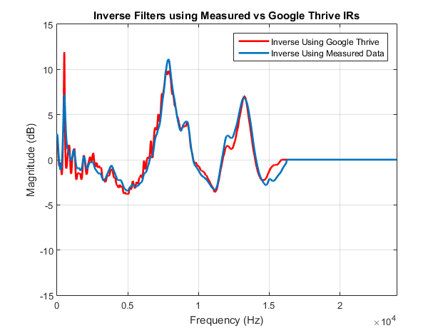 The differences between the two inverse filters can be seen below (again, I’m leveling off the response to account for YouTube rolling off after around 16kHz).
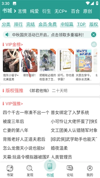 进入晋江小说阅读平台后,找到并点击VIP金榜,即可进入VIP金榜对应的页面。
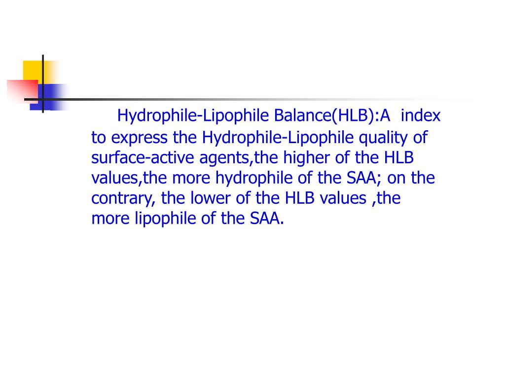 Hydrophile-Lipophile Balance(HLB):A index to express the Hydrophile-Lipophile quality of surface-active agents,the higher of the HLB values,the more hydrophile of the SAA; on the contrary, the lower of the HLB values ,the more lipophile of the SAA.
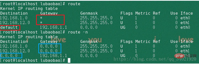 显示当前路由,从图中可以看出加了选项-n的变化
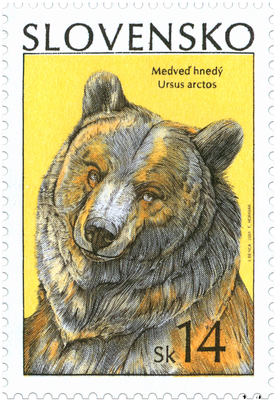 Medveď hnedý (Ursus arctos L.) Najväčší európsky mäsožravec. Pôvodne osídľoval takmer celú Európu, severnú a strednú Áziu, v Severnej Amerike vytvára viacero poddruhov. V súčasnosti sa v Európe súvislejšie vyskytuje len v Škandinávii a na východe kontinentu, izolované populácie sú v Pyrenejach, v Abruzách, na Balkáne a v Karpatoch. Na našom území žije v lesných komplexoch stredného a severného Slovenska v nadmorských výškach 700 - 1500 m. Robustné telo je dlhé 150 - 220 cm, výška v kohútiku 90 - 125 cm, hmotnosť 150 - 350 kg. Sfarbenie dlhej srsti je premenlivé, bledohnedé až čiernohnedé, medvieďatá majú svetlý hrdelný pás. Medve...
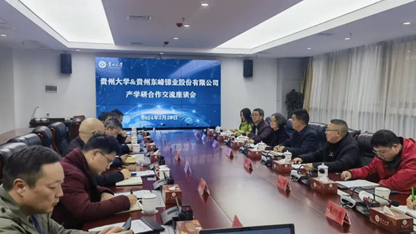 2024年2月29日,在黔南州科技局领导的大力助推下,东峰锑业与贵州大学产学研合作交流座谈会在贵州大学贤正楼顺利召开。东峰锑业股份有限公司总经理覃事敦与贵州大学科学技术研究院院长吴复忠教授等双方代表就如何深化合作、共同推动产学研一体化发展进行了深入交流。
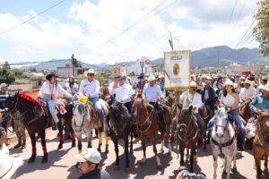Acompañado por autoridades del ayuntamiento y cabalgantes, partieron de la Iglesia del Honguito, para posteriormente recorrer las principales calles del municipio, donde el gobernador se mostró cercano con las y los habitantes, en un recorrido de más de cuatro kilómetros que concluyó en el zócalo.
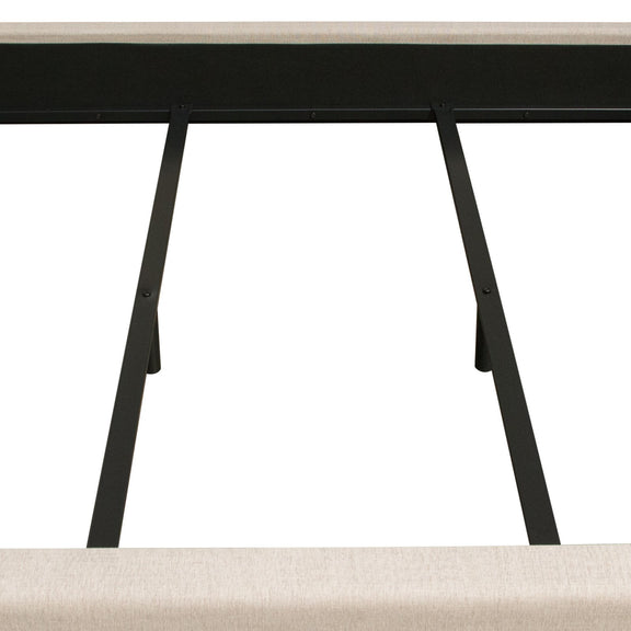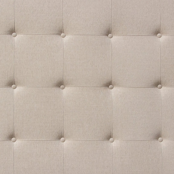 The Madison Ave Bed by Diamond Sofa is a hand crafted upholstered bed standing 60 inches tall. The 12 inch frame includes four slats with center supports added into the cleats for structural integrity. With its tufted headboard, tapered wing accents and wood feet finished in a rich medium walnut finish providing the backdrop for the Sand Polyester cover - creating this stylish addition to any bedroom's decor. Bed is available in Queen & Eastern King sizes. Foundation or Box Spring is required.
···
#### Goal of the exercise:
Reproduce the data above exactly, but only the lines from the one showing "进入晋江小说阅读平台后,找到并点击VIP金榜,即可进入VIP金榜对应的页面。" through the one showing "Acompañado por autoridades", with both ends kept and the pictures left out.

#### Reply to the task:
 进入晋江小说阅读平台后,找到并点击VIP金榜,即可进入VIP金榜对应的页面。
 Hydrophile-Lipophile Balance(HLB):A index to express the Hydrophile-Lipophile quality of surface-active agents,the higher of the HLB values,the more hydrophile of the SAA; on the contrary, the lower of the HLB values ,the more lipophile of the SAA.
 显示当前路由,从图中可以看出加了选项-n的变化
 Medveď hnedý (Ursus arctos L.) Najväčší európsky mäsožravec. Pôvodne osídľoval takmer celú Európu, severnú a strednú Áziu, v Severnej Amerike vytvára viacero poddruhov. V súčasnosti sa v Európe súvislejšie vyskytuje len v Škandinávii a na východe kontinentu, izolované populácie sú v Pyrenejach, v Abruzách, na Balkáne a v Karpatoch. Na našom území žije v lesných komplexoch stredného a severného Slovenska v nadmorských výškach 700 - 1500 m. Robustné telo je dlhé 150 - 220 cm, výška v kohútiku 90 - 125 cm, hmotnosť 150 - 350 kg. Sfarbenie dlhej srsti je premenlivé, bledohnedé až čiernohnedé, medvieďatá majú svetlý hrdelný pás. Medve...
 2024年2月29日,在黔南州科技局领导的大力助推下,东峰锑业与贵州大学产学研合作交流座谈会在贵州大学贤正楼顺利召开。东峰锑业股份有限公司总经理覃事敦与贵州大学科学技术研究院院长吴复忠教授等双方代表就如何深化合作、共同推动产学研一体化发展进行了深入交流。
Acompañado por autoridades del ayuntamiento y cabalgantes, partieron de la Iglesia del Honguito, para posteriormente recorrer las principales calles del municipio, donde el gobernador se mostró cercano con las y los habitantes, en un recorrido de más de cuatro kilómetros que concluyó en el zócalo.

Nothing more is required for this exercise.